Space is an important concept, Dr Karl said that of all forms of transport a 747 has the smallest amount of space per person. He obviously hasn’t seen the Indian transport packing solution. Frequently I have seen cars, bikes or rickshaws loaded to the roof with people. A small 5 seater car can easily contain 11 people if packed properly, two people per front seat (including the driver seat) and 5 people squished on the back seat and two additional kids peeking out the boot. In the same manner 8 people + a driver can be fitted in to an auto, a device designed to take 2 in a semblance of comfort.

Monday 19 February 2007

3rd of February

We were planning on leaving this 500000 horse town and heading back to Bangalore but since Kiruna decided to leak amniotic fluid everywhere the previous night we decided to stay until she popped a baby out.

So we waited and waited, I had warned her that the first baby is usually early and that the first labour is usually prolonged but I didn’t realise how prophetic my statement was. After something like 24 hours in labour she finally gave birth to a baby (or as I might have suggested a little monkey).

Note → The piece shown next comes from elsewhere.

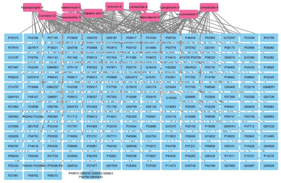Metabolites–all targets network. The pink rectangles represent the active metabolites of Hyrtios erectus sponge extract; the blue rectangles represent all genes (genes are mentioned in Uniprot IDs).

As all good celebrations in India call for we went out and bought a packet of sweets. We bought Mysore Pak which was geographically appropriate. As near as I can tell it was 75 % ghee and 25 % sugar which is then fried (probably in Ghee). It was delicious, but after having a finger width slice I’m sure I have heart disease. Simply rising from a chair is now enough exercise to cause angina. But it was worth it.